Suppose \((\mathbf{{x}},\mathbf{{y}})\) satisfies the first-order optimality conditions (5.3). The condition (5.4) states that \((\mathbf{{x}},\mathbf{{y}})\) is a local maximizer if and only if the entries of Table 1 are non-positive whenever the vectors in the corresponding row and column lie in \(\mathcal{{C}}(\mathbf{{x}},\mathbf{{y}})\). For example, if \((\mathbf{{x}},\mathbf{{y}})\) is a local maximizer, then whenever \((\mathbf{{e}}_i,\mathbf{{0}})\) and \((\mathbf{{0}},-\mathbf{{e}}_k)\) lie in the cone \(\mathcal{{C}}(\mathbf{{x}},\mathbf{{y}})\) for some \(i\) and \(k\), we must have \(h_{ik} \le 0\) (since \(\gamma > 0\)). This implies that \(a_{ik} = 0\).
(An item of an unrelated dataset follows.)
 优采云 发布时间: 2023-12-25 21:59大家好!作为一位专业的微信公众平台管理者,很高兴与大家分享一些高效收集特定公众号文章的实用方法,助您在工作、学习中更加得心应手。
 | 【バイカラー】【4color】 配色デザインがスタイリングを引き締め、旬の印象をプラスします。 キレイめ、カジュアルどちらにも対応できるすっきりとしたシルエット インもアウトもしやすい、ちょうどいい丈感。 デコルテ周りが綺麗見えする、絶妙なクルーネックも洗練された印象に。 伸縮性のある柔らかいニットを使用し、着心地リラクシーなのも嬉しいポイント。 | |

Moreover, since \(h_{ii} = 1\), it follows that both \((\mathbf{{e}}_i,\mathbf{{0}})\) and \((\mathbf{{0}},-\mathbf{{e}}_i)\) cannot be contained in \(\mathcal{{C}}(\mathbf{{x}},\mathbf{{y}})\) at a local maximizer.
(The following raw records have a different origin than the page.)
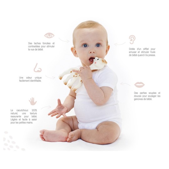 Sacosa Cadou Din Bumbac contine girafa Sophie (18 cm), zornaitoare (12 cm) si inel de dentitie cu aroma de vanilie (8 cm).
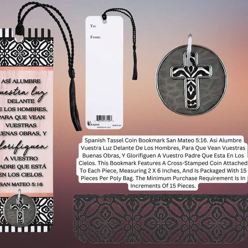 DicksonsSpanish Tassel Coin Bookmark San Mateo 5:16. Asi Alumbre Vuestra Luz Delante De Los Hombres, Para Que Vean Vuestras Buenas Obras, Y Glorifiguen A V...
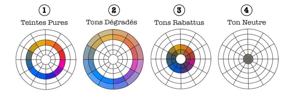 Au centre du cercle se trouve un ton neutre (qu’on appelle aussi la Boue), obtenu en mélangeant de façon homogène toutes les couleurs de votre Gamme.
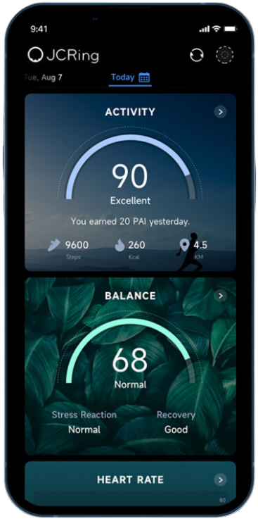 2301B is a smart health ring which can monitor multiple body vital signs all day and night.

In order to verify either the first or second-order optimality conditions, we need to determine when a vector in the edge description \(\mathcal{{D}}\) lies in \(\mathcal{{F}}(\mathbf{{x}},\mathbf{{y}})\) or \(\mathcal{{C}}(\mathbf{{x}},\mathbf{{y}})\). From the Definitions (1.3) and (1.7), we have

$$\begin{aligned} \mathcal{{F}}(\mathbf{{x}},\mathbf{{y}}) = \left\{ (\mathbf{{d}}^1,\mathbf{{d}}^2)\in \mathbb{R }^{2n} : \begin{array}{lll} \mathbf{{1}}{^{\mathsf{T }}}\mathbf{{d}}^1 \le 0\; \text{ if} \;\mathbf{{1}}{^{\mathsf{T }}}\mathbf{{x}} = u^a,\qquad&d^1_i \le 0 \qquad&\forall \; i \text{ with} x_i = 1,\\ \mathbf{{1}}{^{\mathsf{T }}}\mathbf{{d}}^1 \ge 0\; \text{ if} \;\mathbf{{1}}{^{\mathsf{T }}}\mathbf{{x}} = \ell ^a,\qquad&d^1_i \ge 0 \qquad&\forall \; i \text{ with} x_i = 0, \\ \mathbf{{1}}{^{\mathsf{T }}}\mathbf{{d}}^2 \le 0\; \text{ if} \;\mathbf{{1}}{^{\mathsf{T }}}\mathbf{{y}} = u^b,\qquad&d^2_i \le 0 \qquad&\forall \; i \text{ with} y_i = 1,\\ \mathbf{{1}}{^{\mathsf{T }}}\mathbf{{d}}^2 \ge 0\; \text{ if} \;\mathbf{{1}}{^{\mathsf{T }}}\mathbf{{y}} = \ell ^b,\qquad&d^2_i \ge 0 \qquad&\forall \; i \text{ with} y_i = 0 \end{array}\right\} , \end{aligned}$$
$$\begin{aligned} \mathcal{{C}}(\mathbf{{x}},\mathbf{{y}})= \bigg \{ \mathbf{{d}}\in \mathcal{{F}}(\mathbf{{x}},\mathbf{{y}}): \begin{array}{ll} \mathbf{{1}}{^{\mathsf{T }}}\mathbf{{d}}^1 = 0\; \text{ if} \; \lambda ^a \ne 0,&d_i = 0\;\;\forall \; i \text{ with} \; \mu ^a_i \ne 0\\ \mathbf{{1}}{^{\mathsf{T }}}\mathbf{{d}}^2 = 0\; \text{ if} \; \lambda ^b \ne 0,&d_i = 0\;\;\forall \; i \text{ with} \; \mu ^b_i \ne 0 \end{array} \bigg \}. \end{aligned}$$

Now define the following sets:

$$\begin{aligned} \mathcal{{A}}_0&= \left\{ i : x_i > 0, \; \mu _i^a = 0\right\} \quad \text{ and} \quad \bar{\mathcal{{A}}}_0 = \left\{ i : x_i < 1, \; \mu _i^a = 0\right\} , \\ \mathcal{{B}}_0&= \left\{ i : y_i > 0, \; \mu _i^b = 0 \right\} \quad \text{ and} \quad \bar{\mathcal{{B}}}_0 = \left\{ i : y_i < 1, \; \mu _i^b = 0\right\} . \end{aligned}$$

Table 2 shows when each element of \(\mathcal{{D}}\) also lies in \(\mathcal{{C}}(\mathbf{{x}},\mathbf{{y}})\). Combining the information in Tables 1 and 2, we will establish the following theorem.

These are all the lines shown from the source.